The board of HDFC Standard Life Insurance Co. Ltd (HDFC Life), a joint venture between mortgage lender HDFC Ltd and UK-based Standard Life Plc, has approved its plan to go for an initial public offering.
The move comes after shareholders failed to agree on a plan of merger with billionaire Analjit Singh-promoted Max Financial Services Ltd that would meet regulatory approvals, the lender informed stock exchanges on Monday.
The firm’s board passed a resolution enabling an offer for sale of up to 20% of shares in HDFC Life.
HDFC owns 61.65% and Standard Life 35% of the insurer while minority shareholders hold the remaining.
A public listing was HDFC Life’s initial plan. Subsequently, HDFC and Max Financial began exploring a merger of their insurance businesses. They, however, failed to get the approval of the Insurance Regulatory and Development Authority of India (IRDA) for the amalgamation.
On Monday, the HDFC Life board did not rule out a future merger with Max Life though it was not specific about a timeline.
“If Max Life and ourselves are able to obtain all necessary regulatory approvals, HDFC Life board and its promoters would be willing to re-evaluate the option of a merger with Max Life in due course,” it said.
In November last year, IRDA had expressed reservations over a possible merger, citing lack of provisions for such an amalgamation under the existing terms and conditions.
After IRDA raised objections, both the companies said they would file a revised merger structure with the insurance regulator. HDFC Life was slated to consider this revised proposal at the board meeting on Monday.
According to a Mint report last week, the new structure involved creating a separate insurance entity, tentatively named as HDFC Plus, which would have to secure a fresh licence from IRDA.
“At present, no structure prior to an IPO of HDFC Life has been identified which satisfies shareholders’ requirements,” the company said on Monday.
HDFC Life has already hired merchant banks Morgan Stanley and Credit Suisse to arrange its public listing at the earliest, two persons briefed on the development told VCCircle.
The companies previously considered a tiered merger plan initially involving the amalgamation of Max Life with Max Financial. The life insurance unit was then proposed to be demerged into HDFC Life. Separately, Max Financial was proposed to be merged into another listed company of the Max group – Max India.
The merger would have created India’s largest private-sector life insurer, with annual premium worth Rs 25,500 core, surpassing ICICI Prudential Life Insurance Co. Ltd.
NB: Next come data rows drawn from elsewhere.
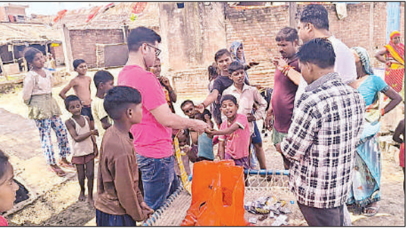
बाढ़ प्रभावित क्षेत्रों में ग्रामीणों को दवाएं बांटती स्वास्थ्य टीम ।
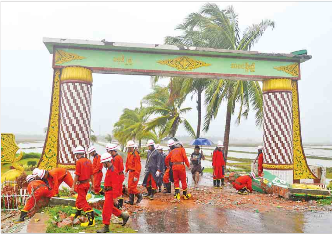
မိုရာမုန်တိုင်းကြောင့် မောင်တောမြို့ မြို့အဝင်မုခ်ဦး အပျက်အစီးများကို ကယ်ဆယ်ရေးအဖွဲ့များက ရှင်းလင်းစဉ်။
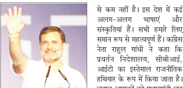
जनता से रुबरु राहुल गांधी।

शुक्रवार को कांग्रेस नेता राहुल गांधी ने तमिलनाडु के तिरुनेलवेली में एक चुनावी सभा को संबोधित किया। उन्होंने इस दौरान भाजपा पर हमला बोलते हुए कहा कि भाजपा विपक्ष के खिलाफ ईडी व सीबीआई का राजनीतिक इस्तेमाल कर रही है। राहुल गांधी ने कहा कि आज भारत में एक वैचारिक लड़ाई चल रही है। एक तरफ पेरियार के विचार, सामाजिक न्याय, स्वतंत्रता और समानता हैं। दूसरी तरफ नरेंद्र मोदी और उनकी

HDFC Life is opting to go public at a time when another insurer SBI Life has filed its draft papers with the capital markets regulator Securities and Exchange Board of India for an initial public offering.
As VCCircle reported in May, simultaneous life insurance IPOs were forcing merchant banks to be choosy as they cannot represent two insurers at the same time.
Last year, ICICI Prudential Life Insurance became the first life insurer in India to go public.